EXCERPTED RECORDS Block Start
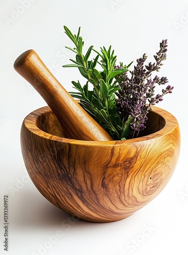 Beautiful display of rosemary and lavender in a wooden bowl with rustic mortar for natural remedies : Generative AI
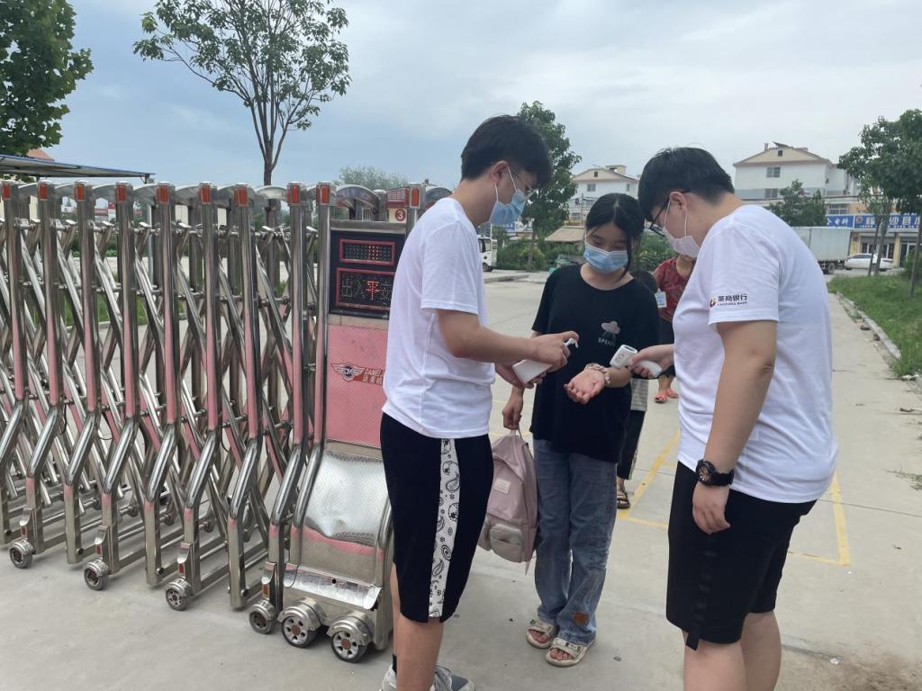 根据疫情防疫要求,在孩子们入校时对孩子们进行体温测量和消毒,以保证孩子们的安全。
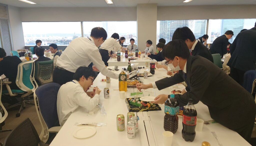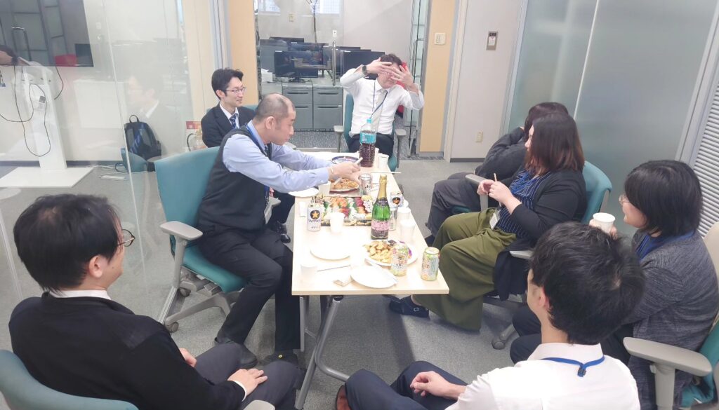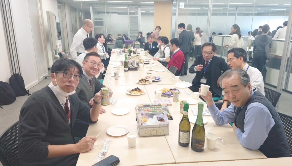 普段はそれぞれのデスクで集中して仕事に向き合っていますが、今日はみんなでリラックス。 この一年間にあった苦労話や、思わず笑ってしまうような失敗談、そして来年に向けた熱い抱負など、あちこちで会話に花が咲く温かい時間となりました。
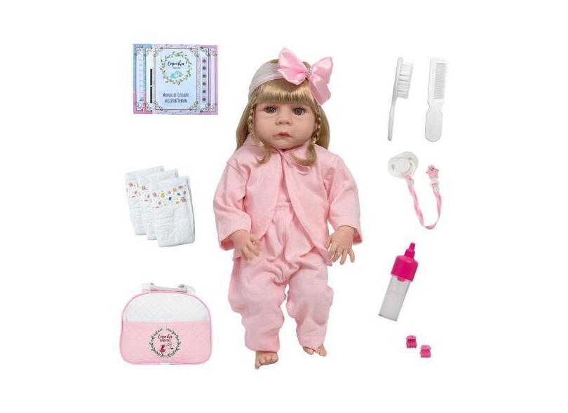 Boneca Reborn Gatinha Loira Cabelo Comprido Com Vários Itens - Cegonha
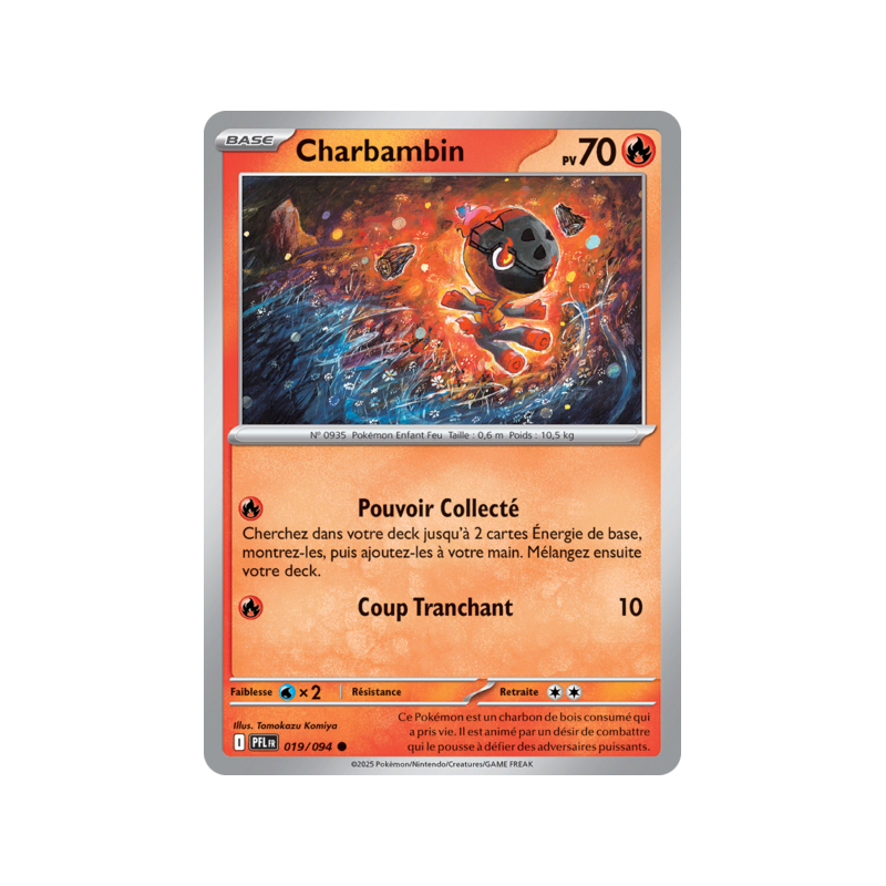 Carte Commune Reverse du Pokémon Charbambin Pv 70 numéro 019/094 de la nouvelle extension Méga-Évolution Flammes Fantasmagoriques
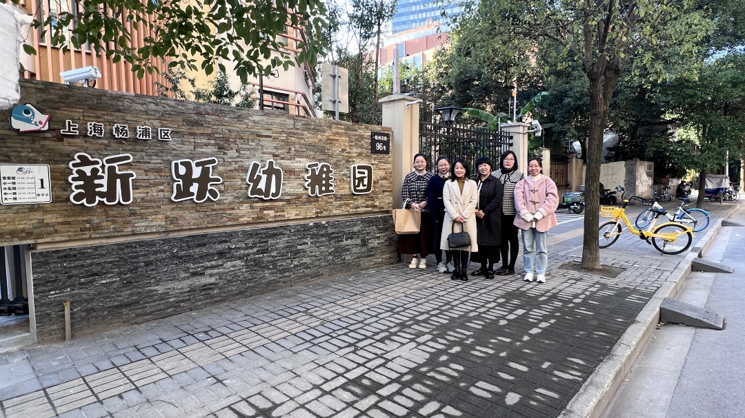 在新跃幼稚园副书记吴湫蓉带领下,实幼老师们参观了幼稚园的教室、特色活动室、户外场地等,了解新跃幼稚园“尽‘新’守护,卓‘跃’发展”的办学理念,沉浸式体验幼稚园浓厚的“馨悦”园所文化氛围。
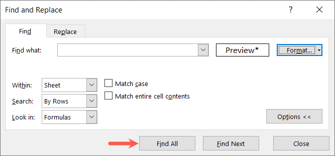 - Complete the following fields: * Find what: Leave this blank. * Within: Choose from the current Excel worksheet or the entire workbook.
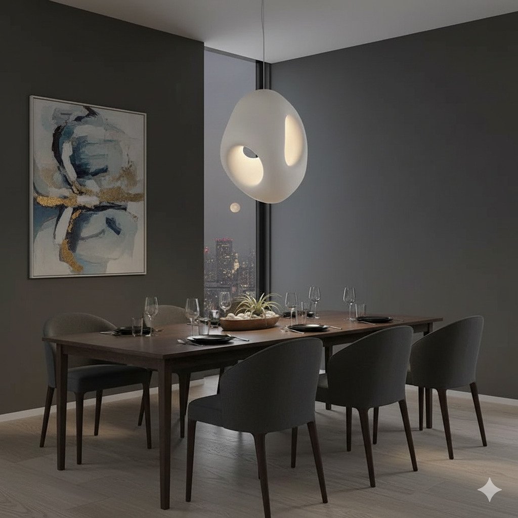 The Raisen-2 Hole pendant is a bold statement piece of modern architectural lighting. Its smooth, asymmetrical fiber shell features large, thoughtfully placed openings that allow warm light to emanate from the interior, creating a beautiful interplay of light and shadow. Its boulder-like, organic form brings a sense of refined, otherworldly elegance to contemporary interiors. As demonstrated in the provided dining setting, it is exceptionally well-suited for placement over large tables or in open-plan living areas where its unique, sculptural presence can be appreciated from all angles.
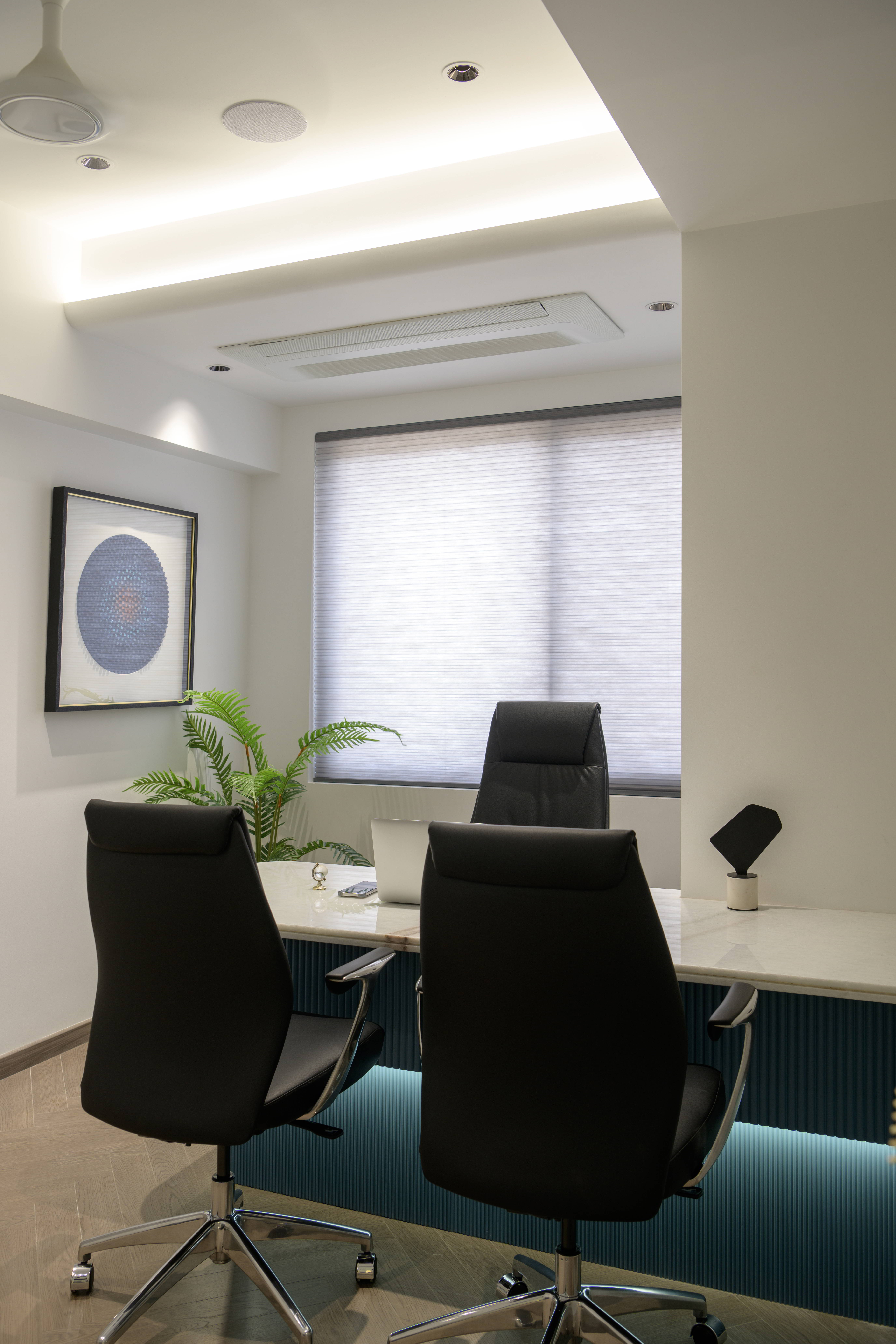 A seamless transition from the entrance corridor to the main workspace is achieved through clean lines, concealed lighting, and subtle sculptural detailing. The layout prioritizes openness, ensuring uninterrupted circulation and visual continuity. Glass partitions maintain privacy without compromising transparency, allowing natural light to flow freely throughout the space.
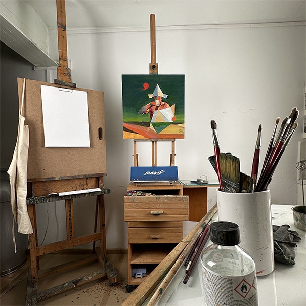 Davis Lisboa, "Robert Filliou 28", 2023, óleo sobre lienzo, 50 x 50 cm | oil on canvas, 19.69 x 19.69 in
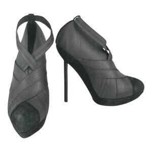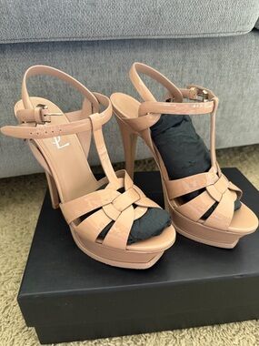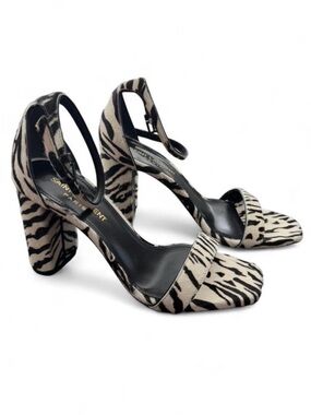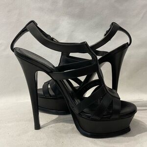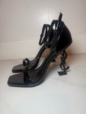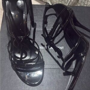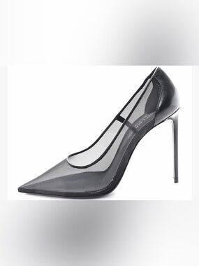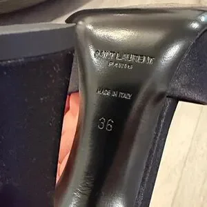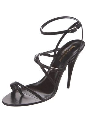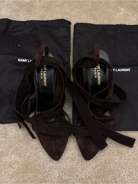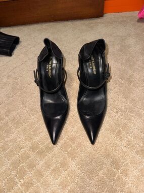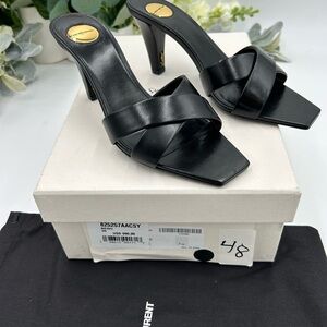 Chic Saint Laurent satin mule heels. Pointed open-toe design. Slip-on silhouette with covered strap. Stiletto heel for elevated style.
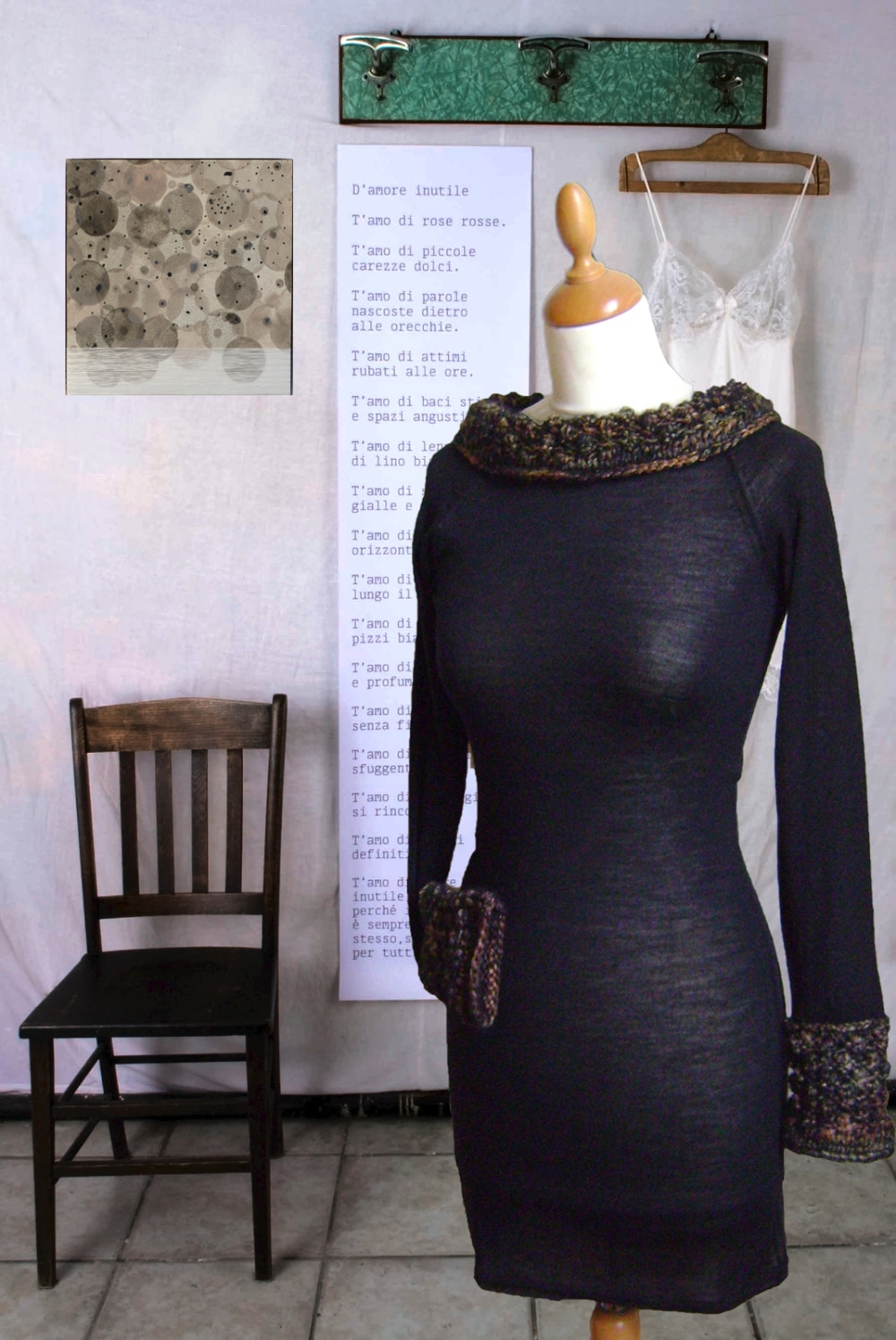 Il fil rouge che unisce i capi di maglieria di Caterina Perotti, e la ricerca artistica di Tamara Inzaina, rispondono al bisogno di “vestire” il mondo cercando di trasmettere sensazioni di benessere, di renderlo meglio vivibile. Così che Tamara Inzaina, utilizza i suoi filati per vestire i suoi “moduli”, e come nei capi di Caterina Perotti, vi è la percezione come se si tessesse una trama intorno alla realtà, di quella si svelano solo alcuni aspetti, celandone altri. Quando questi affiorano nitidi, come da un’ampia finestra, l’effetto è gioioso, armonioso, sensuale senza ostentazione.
EXCERPTED RECORDS Block End
Copy out all the data exactly. No images belong in the copy.

 Beautiful display of rosemary and lavender in a wooden bowl with rustic mortar for natural remedies : Generative AI
 根据疫情防疫要求,在孩子们入校时对孩子们进行体温测量和消毒,以保证孩子们的安全。
 普段はそれぞれのデスクで集中して仕事に向き合っていますが、今日はみんなでリラックス。 この一年間にあった苦労話や、思わず笑ってしまうような失敗談、そして来年に向けた熱い抱負など、あちこちで会話に花が咲く温かい時間となりました。
 Boneca Reborn Gatinha Loira Cabelo Comprido Com Vários Itens - Cegonha
 Carte Commune Reverse du Pokémon Charbambin Pv 70 numéro 019/094 de la nouvelle extension Méga-Évolution Flammes Fantasmagoriques
 在新跃幼稚园副书记吴湫蓉带领下,实幼老师们参观了幼稚园的教室、特色活动室、户外场地等,了解新跃幼稚园“尽‘新’守护,卓‘跃’发展”的办学理念,沉浸式体验幼稚园浓厚的“馨悦”园所文化氛围。
 - Complete the following fields: * Find what: Leave this blank. * Within: Choose from the current Excel worksheet or the entire workbook.
 The Raisen-2 Hole pendant is a bold statement piece of modern architectural lighting. Its smooth, asymmetrical fiber shell features large, thoughtfully placed openings that allow warm light to emanate from the interior, creating a beautiful interplay of light and shadow. Its boulder-like, organic form brings a sense of refined, otherworldly elegance to contemporary interiors. As demonstrated in the provided dining setting, it is exceptionally well-suited for placement over large tables or in open-plan living areas where its unique, sculptural presence can be appreciated from all angles.
 A seamless transition from the entrance corridor to the main workspace is achieved through clean lines, concealed lighting, and subtle sculptural detailing. The layout prioritizes openness, ensuring uninterrupted circulation and visual continuity. Glass partitions maintain privacy without compromising transparency, allowing natural light to flow freely throughout the space.
 Davis Lisboa, "Robert Filliou 28", 2023, óleo sobre lienzo, 50 x 50 cm | oil on canvas, 19.69 x 19.69 in
 Chic Saint Laurent satin mule heels. Pointed open-toe design. Slip-on silhouette with covered strap. Stiletto heel for elevated style.
 Il fil rouge che unisce i capi di maglieria di Caterina Perotti, e la ricerca artistica di Tamara Inzaina, rispondono al bisogno di “vestire” il mondo cercando di trasmettere sensazioni di benessere, di renderlo meglio vivibile. Così che Tamara Inzaina, utilizza i suoi filati per vestire i suoi “moduli”, e come nei capi di Caterina Perotti, vi è la percezione come se si tessesse una trama intorno alla realtà, di quella si svelano solo alcuni aspetti, celandone altri. Quando questi affiorano nitidi, come da un’ampia finestra, l’effetto è gioioso, armonioso, sensuale senza ostentazione.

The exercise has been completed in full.